Agony: Their big brothers to the North, however, didn’t fare so well. With three games left, they’ve lost 89 games and are a gut-turning 18.5 games out of first place.

This was the season that Bonds broke the all-time homerun record, walloping 756 over the walls and into the history books. But all the media glare, both positive and negative, had an impact on the other 24 guys on the roster. Starting pitching was ok (I won’t “go there” about the pitiful year Barry Zito had…I just…can’t…), the bullpen was ridiculous and hitting was lame. They went up there with sad and tired bats. And our star catcher bitched about it to the press.

It was not a glorious year. It’s the latest in all the depressing seasons we’ve endured after the joys (and pain) of the 2002 World Series.

Ownership says 2008 is a “rebuilding” year. That means some young kids, some no names, and no hope of a post season for at least a couple more years.

But even in the agony of this terrible season, it was there. Baseball was on the radio every night, 162 games a year. The bases were still 90 feet apart and it was still 60 feet, six inches from mound to plate. The Umps still missed calls, players were plunked, miracles were performed and for me, all was all right with the world.

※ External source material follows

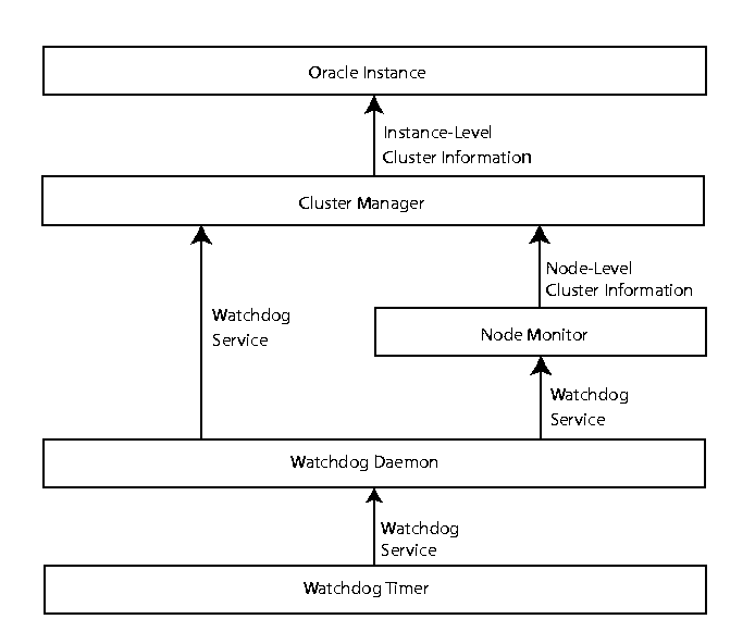Figure E-1 shows how the Watchdog daemon provides services to the Cluster Manager and to the Node Monitor. The Node Monitor passes node-level cluster information to the Cluster Manager. The Cluster Manager passes instance-level cluster information to the Oracle instance.

I had a day yesterday for the record books, and as I drove home, looking into the setting sun, sad, mad, exhausted, apathetic, beat down, and depressed as hell, I reached out and touched the “power” button on my radio, and suddenly Jon Miller’s voice boomed out from my radio speakers, “a called strike one!” and I left behind my troubles. My sorrow. My bone wearying exhaustion and I listened to the game. Smiling at strikes, frowning at balls and batting my hand on the steering wheel when the boys in orange and black got a hit and cheering loudly in my car.

I don’t give a rip about any of the teams in the post-season, although I may watch a few games. It’s not the same when it isn’t your team fighting it out.

*sigh* Now what? My baseball friend becomes a hockey fan in the off-season. I like hockey, but not with that fever reserved for baseball.

Guess instead, it’s time to start thinking about what in the hell I’m going to write 50,000 words about for the annual NaNoWriMo.